Your goal =>
Apart from the pictures, every line below is to be set down exactly.

Data shown =>
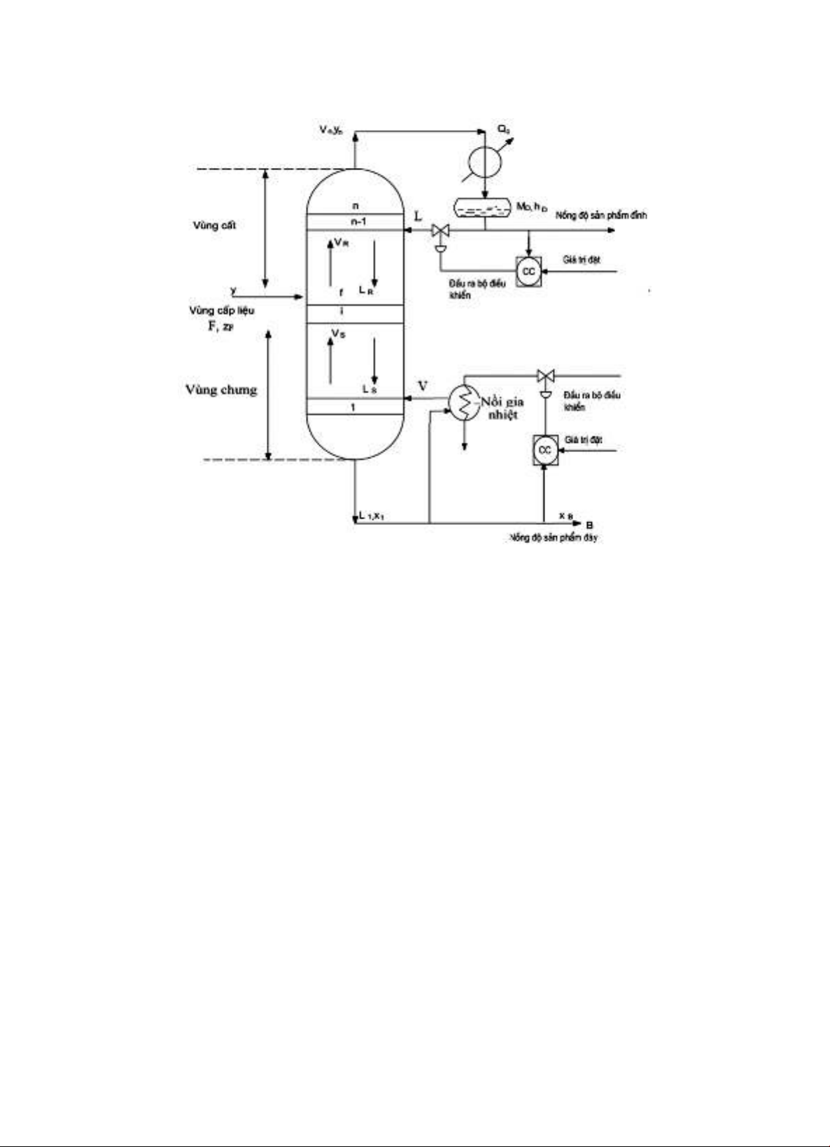 Hình 1. Sơ đồ tổng quát tháp chưng cất với cấu hình điều khiển LV
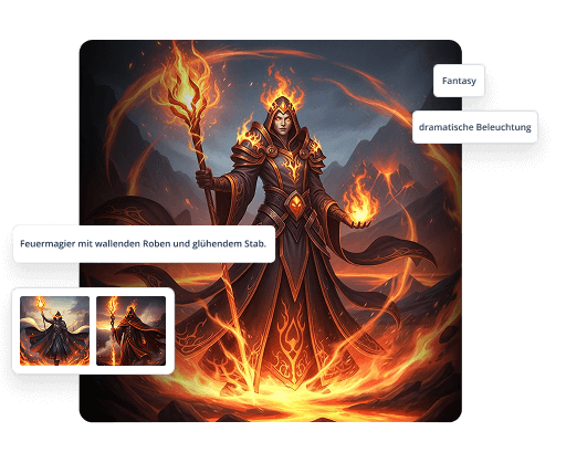 Erstelle und bearbeite neue Bilder in Sekundenschnelle. Kein tagelanges Warten auf Freigaben, stundenlanges Retuschieren oder minutenlanges Zwischenspeichern mehr. Einfach beschreiben und erstellen. So einfach geht's.
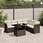 vidaXL Trädgårdssoffset med dynor 7 delar brun konstrotting 3266613
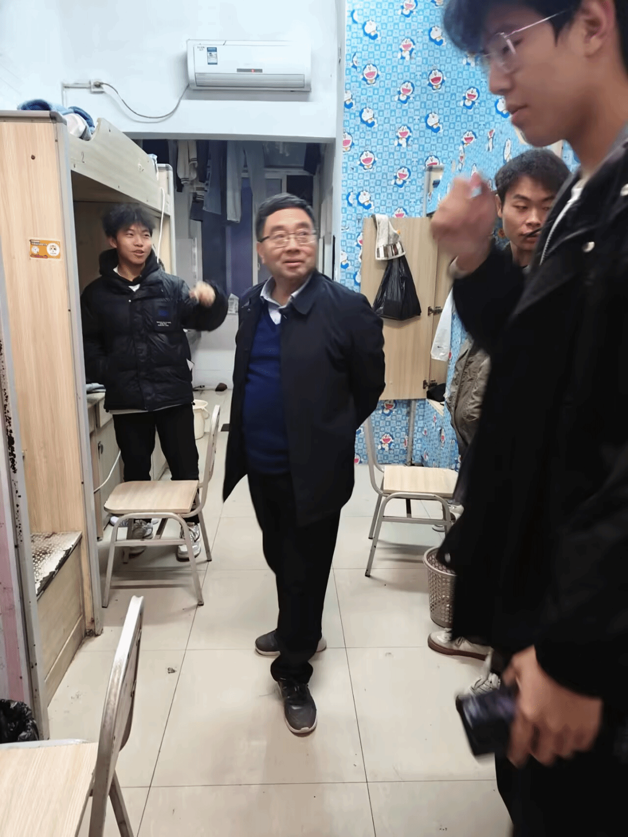 为深入了解学生冬季过冬情况,11月27日晚上21:00,我院党委书记李建新、院长米小其、党委副书记蒋旭军、副院长赵成刚、副院长张俊波分别带领全体辅导员(班主任)一行深入学生寝室开展“情谊暖寒冬,冬季送温暖”走访慰问活动。在走访慰问中,主要详细了解学生学习、生活、寒假返乡等情况,对学生存在困难及时给予关心和解决,嘱咐大家要提升安全意识,重视个人防护,加强体育锻炼,保持良好的生活习惯,以饱满的热情迎接期末考试,表达了学院全体教师对学生的亲切关怀。
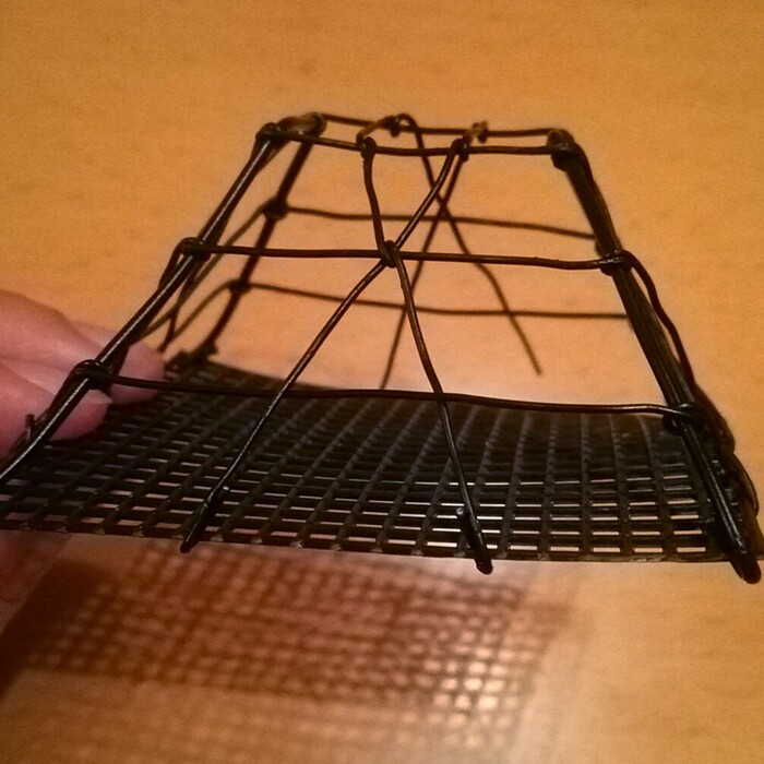 ②屋根の横部分、鉢底ネットを4等分したくらいのところから細いワイヤーをかけ、基本骨格の台形の一辺に平行に上に向かいます。屋根の頭頂部分でワイヤーを一周させ、反対側に繋げます。

Written solution =>
 Hình 1. Sơ đồ tổng quát tháp chưng cất với cấu hình điều khiển LV
 Erstelle und bearbeite neue Bilder in Sekundenschnelle. Kein tagelanges Warten auf Freigaben, stundenlanges Retuschieren oder minutenlanges Zwischenspeichern mehr. Einfach beschreiben und erstellen. So einfach geht's.
 vidaXL Trädgårdssoffset med dynor 7 delar brun konstrotting 3266613
 为深入了解学生冬季过冬情况,11月27日晚上21:00,我院党委书记李建新、院长米小其、党委副书记蒋旭军、副院长赵成刚、副院长张俊波分别带领全体辅导员(班主任)一行深入学生寝室开展“情谊暖寒冬,冬季送温暖”走访慰问活动。在走访慰问中,主要详细了解学生学习、生活、寒假返乡等情况,对学生存在困难及时给予关心和解决,嘱咐大家要提升安全意识,重视个人防护,加强体育锻炼,保持良好的生活习惯,以饱满的热情迎接期末考试,表达了学院全体教师对学生的亲切关怀。
 ②屋根の横部分、鉢底ネットを4等分したくらいのところから細いワイヤーをかけ、基本骨格の台形の一辺に平行に上に向かいます。屋根の頭頂部分でワイヤーを一周させ、反対側に繋げます。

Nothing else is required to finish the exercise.